Démocratiser le savoir universitaire, encourager l’échange, c’est aussi l’objectif des Rencards du savoir, apparus dès 2016. Des cafés et des ciné-débats, en lien avec un sujet d’actualité, au cours desquels des experts présentent leur travail de recherche. « Toutes les problématiques sont abordées, en lien avec l’actualité, et nous pouvons par ce biais apporter un éclairage sur des questions majeures comme les impacts du changement climatique dans les villes, des questions de santé publique liées aux récentes pandémies, ou de transitions telle que la place des femmes dans la société », poursuit Anne Lassègues.

Certaines questions scientifiques ou typiquement universitaires entrent en résonance avec des enjeux de société, parfois sensibles. C'est le cas, par exemple, de la conciliation entre éthique environnementale et liberté académique, du recours au animaux dans la recherche scientifique, ou encore de la place des neurosciences dans l'éducation. Partant de ce constat, l'université organise depuis 2022 des « Controverses » pour tenter d'éclairer ces questions au travers d'échanges directs entre des spécialistes de différents horizons et le public.

Antoine de Daruvar, professeur en bio-informatique, et Charles Mercier, professeur en histoire, sont à l'origine des Controverses de l’université de Bordeaux, qui « démontrent que la déontologie académique et l’approche scientifique permettent non seulement de discuter de manière argumentée et non polémique de sujets complexes, et potentiellement clivants, mais aussi de produire des connaissances pour éclairer certains enjeux de notre époque marquée par les transitions environnementales et sociétales. » Elles s'adressent à la fois aux communautés académiques, qui y trouvent matière à réflexion critique, et aux citoyennes et citoyens intéressés par ces sujets.

Les femmes, leur corps et la santé © Musée d'Aquitaine
Les femmes, leur corps et la santé © Musée d'Aquitaine

Accéder aux podcasts des Controverses

Sciences participatives, les ponts de demain ?

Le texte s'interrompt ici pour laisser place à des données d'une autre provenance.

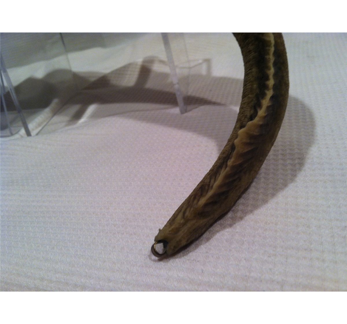 There is a metal circle hook connected to the front of the eel and also the same on the tail for making the eel move on screen. It measures around 3ft long and is made of solid heavy rubber. Amazing detail as seen in the photos.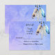 Um convite de casamento em aquarela. Um design em aquarela com quatro penas delicadas e encorpadas juntas penduradas na parte superior. O fundo é uma textura de aquarela roxa azulada suave. Um motivo tribal hippie bobo com um sentimento nativo americano.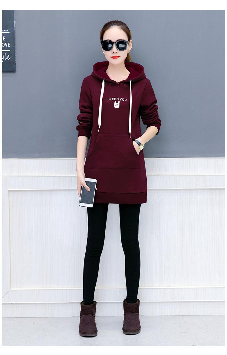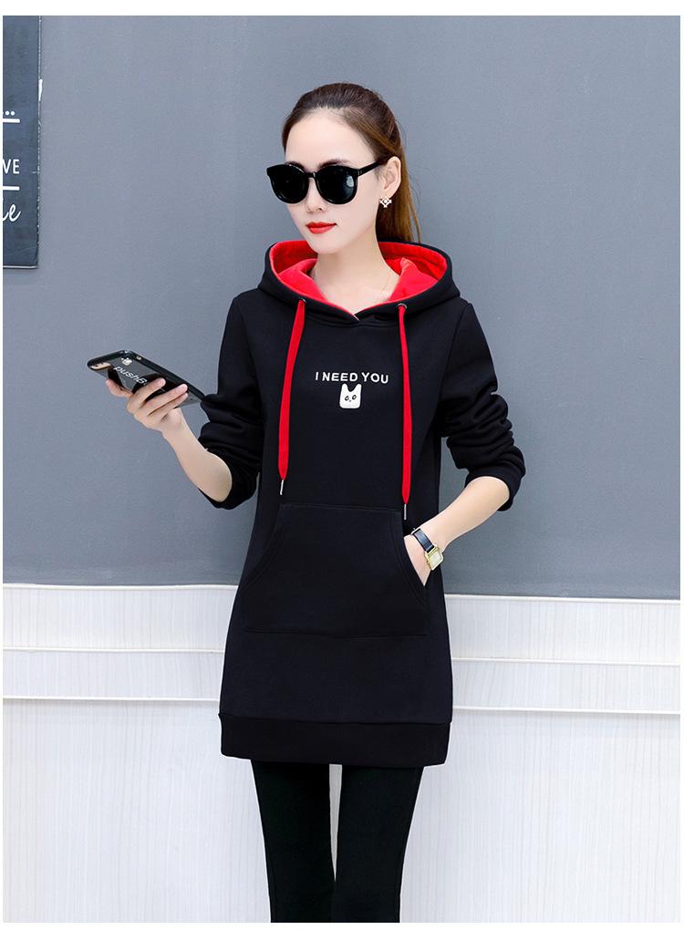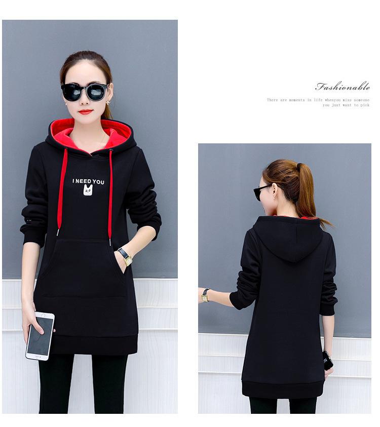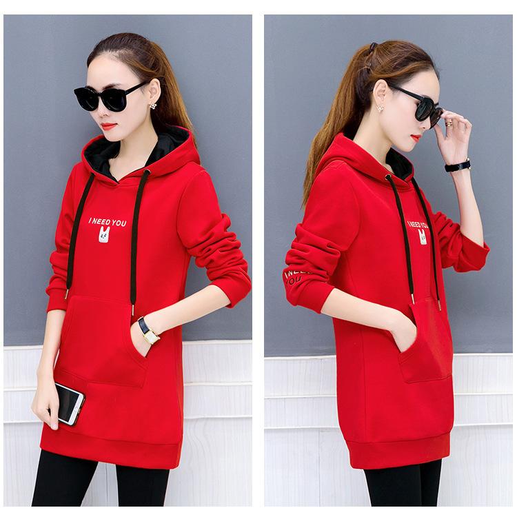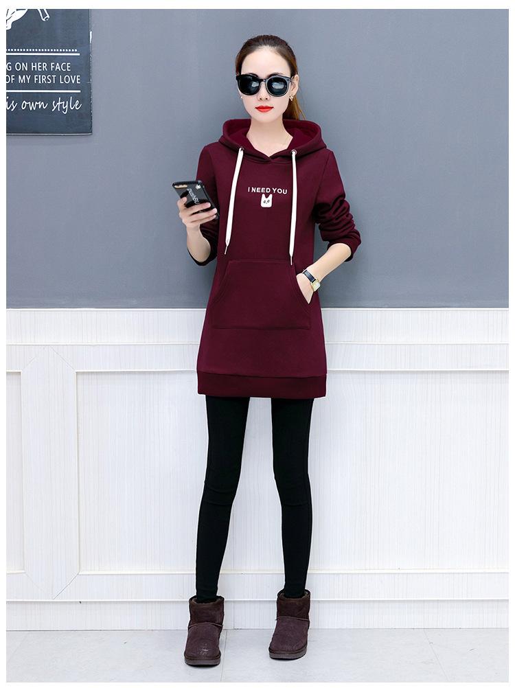 2025 Otoño e Invierno Nuevo Estilo Coreano Pulóver para Mujer Suelto Talla Grande Estudiante con Capucha Largo Medio Sudadera de Felpa Bordada para Mujer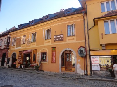 隨著行李拖在石頭路上的轟轟聲,在進小鎮沒多久就看到民宿Pension Danny,

Si tous les projets jetant un pont entre sciences et société placent le grand public au cœur de leurs préoccupations, certains vont encore un peu plus loin. Il en est ainsi des sciences et recherches participatives, une forme de production de connaissances auxquelles participent - seules ou en groupe- des citoyennes et citoyens engagés.

Cette démarche participative est au cœur du projet SSACIéTé, qui se greffe à l’expérimentation de sécurité sociale de l’alimentation menée depuis mars 2024 en Gironde auprès de 400 personnes. Avec elles, mais aussi avec les acteurs politiques locaux et les responsables associatifs, des chercheurs de l’université de Bordeaux tentent de « prendre la mesure de ce qui se joue en matière d’alimentation et de citoyenneté, des enjeux de production aux enjeux de consommation », résume Sylvain Bordiec, maître de conférences à l’université de Bordeaux et membre du laboratoire Cultures et diffusion des savoirs. « Nous sommes animés par l’idée de co-construction de la recherche, tout en soulignant que nous ne voulons pas d’une participation citoyenne qui se résume à de l’affichage. Nous demandons aux personnes qui expérimentent de remplir des carnets, de répondre à des questionnaires… Il y a un enjeu important de questionnement de nos routines scientifiques, c’est potentiellement déroutant de faire participer des citoyens à nos recherches alors même que notre travail consiste à objectiver ce que font et pensent les citoyens. C’est donc une démarche en cours de construction, qui évolue, ce qui la rend d’autant plus passionnante », conclut Sylvain Bordiec.

Sciences participatives, rencontres artistes-chercheurs, journées thématiques dans les établissements scolaire… à travers des formats et des initiatives toujours renouvelées, c’est une communauté de plus en plus large qui s’intéresse et se mobilise autour d’actions « avec et pour la société » à l’université de Bordeaux. Participer à l’incubation et à l’idéation de nouveaux projets à la croisée entre sciences et société constitue aujourd’hui un des piliers d’engagement de l’établissement, que ce soit à l’initiative de ses personnels dans les structures de recherche et de formation, ou des services dédiés qui créent ou accompagnent ces projets.